Is LinkedIn premium effective

Is LinkedIn Premium effective or even discriminatory?

People frequently ask is LinkedIn Premium worth it?  However this weekend I had a conversation with a group of unemployed job seekers who asked whether LinkedIn Premium is effective and even wondered if it was discriminatory.

It is true, it’s not a cheap offering and for those who are unemployed or on a low or inconsistent incomes, purchasing a subscription is a significant outlay.

I decided to do some research and failed to come up with anything substantive on my own. And I’m not a novice at digging around. So I then tapped into my network on Twitter reaching out to Katrina Collier, candidate engagement specialist and Andy Foote, LinkedIn expert for their insider knowledge. They in turn called upon Stacy Donovan Zapar, Founder the Talent Agency for additional support.

But let’s start with some basics. What do you get for your money?

LinkedIn Premium offerings

LinkedIn Products offers a variety of services. There are two main options for job seekers:

1. LinkedIn Premium for Job Seekers

The basic model LinkedIn Career allows jobs seekers who are willing (or able) to invest in the service certain privileges.  With this subscription you can:

  • View who has clicked on your profile over the last 90 days (not just the last 5 people).
  • Feature your profile at the top of the recruiter’s applicant lists.
  • See how your profile ranks compared to other job seekers.
  • Access salary insights when browsing jobs.  LinkedIn Salary gives job seekers some insight into salaries, bonuses, and equity data for specific roles.
  • Send up to 3 InMail messages per month.
  • Entry to LinkedIn Learning video courses
  • Access to people outside your network.
  • Free trial for one month.
  • Can pay monthly and stop at any time. As a job seeker there is little value to subscribing for a year.

2. Premium Business

One level up is Premium Business, which offers 15 InMail messages, advanced search filters, unlimited searches in your extended network and additional company data. Premium Business is available at a rate of  $47.99 per month if paid for 12 months upfront and $59.99 per month. This reduces the cost of InMail to $4 a pop. Ironically this might be a better bet, even for an impoverished job seeker.

Downsides for job seekers

There are many who support a Premium membership but there do seem to be some downsides or at best unknowns for job seekers.

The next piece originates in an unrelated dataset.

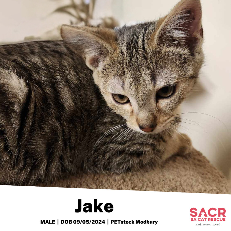 Jake's adoption fee is $195 which includes desexing, microchipping, parasite prevention, and initial F3 vaccination.

1. Limited data on success rates

The internet is full of “how to” posts on contacting recruiters and hiring managers using LinkedIn, including email templates and the psychology of communication. What is less forthcoming is the response rate function. This should show the data around mails in terms of content and timing, to allow recruiters to improve their results. But there seems to be nothing much, if anything at all, on the user experience for candidates. This suggests that the results are possibly not that fantastic because if they were, LinkedIn would tell us. Right?

Stacy Donovan Zapar replied in detail. She said via Twitter that she was “Pretty sure that LinkedIn keeps this stuff under wraps.”

Katrina Collier was sceptical that the opening rate was 25% of all InMails. which makes the cost effectiveness low.  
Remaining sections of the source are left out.